The Golden Mile analogy is bold, but the structural setting backs it up

Management is drawing a direct parallel to Golden Mile-style mineralisation, where gold concentrates in the intensely sheared margins of a differentiated dolerite and silver migrates outward into cross-cutting structures and competency contrasts. The Great Western flexure zone shows the same architecture.

We think the comparison is geologically defensible but commercially premature. Confirming a similar style of zonation is one thing. Proving the depth, grade and continuity that would justify the comparison is another, and that work has not started yet.

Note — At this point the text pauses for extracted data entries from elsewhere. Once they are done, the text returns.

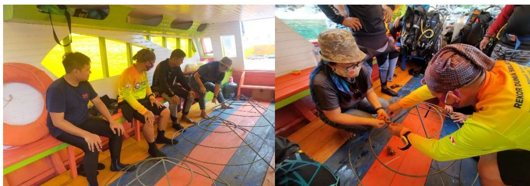
Gambar 2: Media tanam dan proses perekatan fragmen karang

Media tanam yang digunakan terbuat dari besi (ukuran 12 dan 9 meter). Dibuat dalam bentuk lingkaran menyerupai bentuk 'sondo'. Sondo adalah nama local alat untuk menyaring hasil gorengan dan makanan lainnya .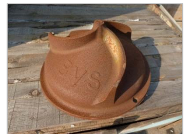
Gewone BAM VS-punt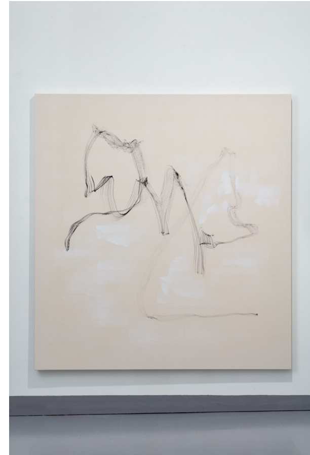
Installasjon med to bord og maleri. 150 cm x 140 cm. Gesso/olje på bomullslerret. Laurisilva: Against Snow, a Tall Beautiful Being... (Rimbaud)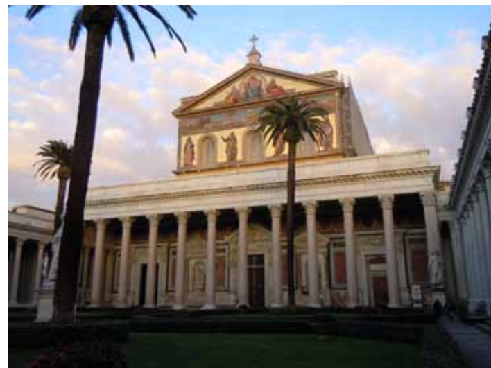
San Paolo kyrkan fuori le Mura där Paulus begravdes.

Fyra dagar senare insåg gruppen att en pilgrimsresa till Rom skall erbjudas till fler hemma i våra församlingar för utbildning och kristen trosuppbyggelse.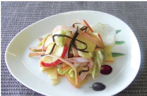
白菜と塩昆布のもみサラダ P43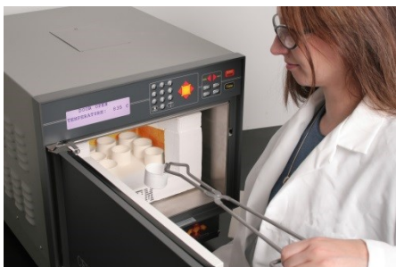
Abb 1: Phönix™

Unter Veraschungen versteht man die thermische Zersetzung kohlenwasserstoffhaltiger Produkte, wobei die anorganischen Bestandteile zurück bleiben. So werden konventionelle Muffelöfen schon seit langer Zeit für die verschiedensten Veraschungen eingesetzt. Dabei wird eine Probe in einem Tiegel eingewogen, welcher vorher getrocknet bzw. ausgeglüht und tariert wurde. Anschließend wird das Probengut in einen konvektiv beheizten Muffelofen gegeben, wo es in der Regel etliche Stunden bis zur Gewichtskonstanz verbleibt. Danach wird der Tiegel aus dem Ofen entnommen und zum Abkühlen für gut eine Stunde in einen Exsikkator gegeben, ehe eine Rückwiegung erfolgen kann. Dieser relativ einfache Prozess ist äußerst arbeits- und zeitintensiv, welches vor allem in der Produktions- und Qualitätskontrolle ein großes Problem darstellt und ein schnelles Zugreifen in laufende Produktionen verhindert. Daraus entstehen nicht selten minderwertige Güter außerhalb der vorgegeben Spezifikation und durch die geminderte Produktqualität verringern sich auch die Erlöse des Herstellers. Neben der laufenden Produktion ist eine schnelle Aschegehaltsbestimmung auch bei Eingangskontrolle von Rohstoffen sowie in der Forschung und Entwicklung von großer Bedeutung.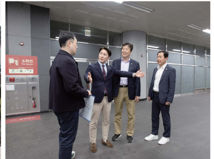
공덕역 편스테이션 조성 약 10억 원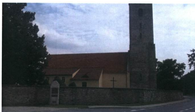
Rysunek 15 Kościół parafialny p.w. św. Jana Chrzciciela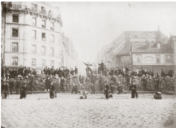
Barricade de la chaussée Ménilmontant et rue Oberkampf, maart-mei 1871,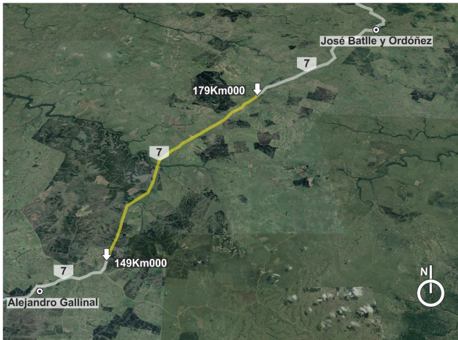
Figura 4.1-1 Ubicación general de la obra. – Contrato inicial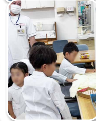
白衣体験・病院探検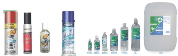
ARTICULOS Y SERVICIOS DE SANITIZACIÓN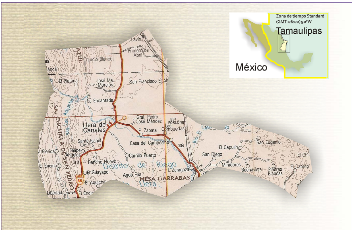
Figura 2.1 Mapa municipal

Flora y fauna: el territorio por su diferencia de niveles y variaciones en el clima presenta una gran diversidad de tipos de vegetación, que van desde matorral alto espinoso en las estribaciones de la sierra, hasta el matorral más bajo y selva baja caducifolia espinosa en la porción central. La fauna se compone de conejo, liebre, armadillo, jabalí, gato montés, guajolote silvestre y tejón, además de venado cola blanca, oso negro, jaguar y puma.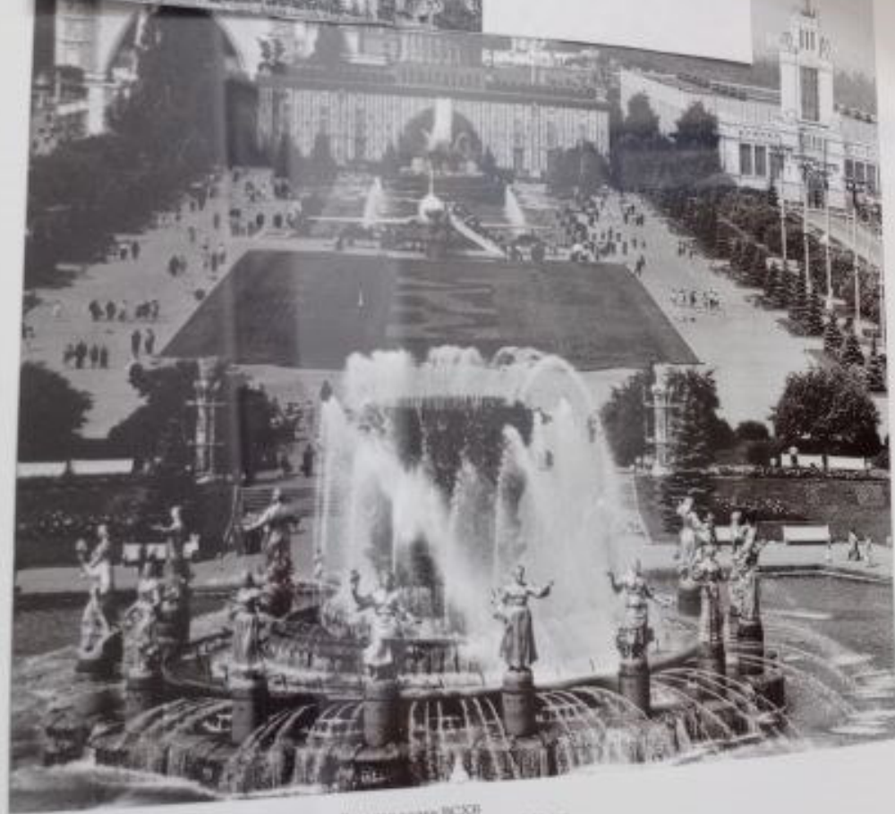
Главная ось ВДНХ The Central axis of the All-Union Agricultural Exhibition

What the analogy does usefully is frame the next round of drilling. Investors now have a clear yardstick for what success looks like, the dolerite contact returning consistent gold widths in fresh rock beneath the silver hits.

Cash position removes the funding question for now

Gateway finished the March 2026 quarter with $15.7m in cash and another $5.6m in liquid ASX securities. That is a healthy position for a junior explorer running two RC rigs and an aircore rig into a target this size.

It means the planned 2026 program can be funded without an immediate raise, which is the question that usually hangs over any explorer reporting a discovery-style result. The next dilution conversation only opens up if the RC program delivers and the company decides to accelerate into resource definition.

The Investors Takeaway for Gateway Mining

The aircore has done its job. It has defined a 4km gold trend, mapped a coherent silver halo and given the team a clear vector to drill underneath. The hard test starts when the RC rig spuds beneath the silver and into the dolerite contact in fresh rock.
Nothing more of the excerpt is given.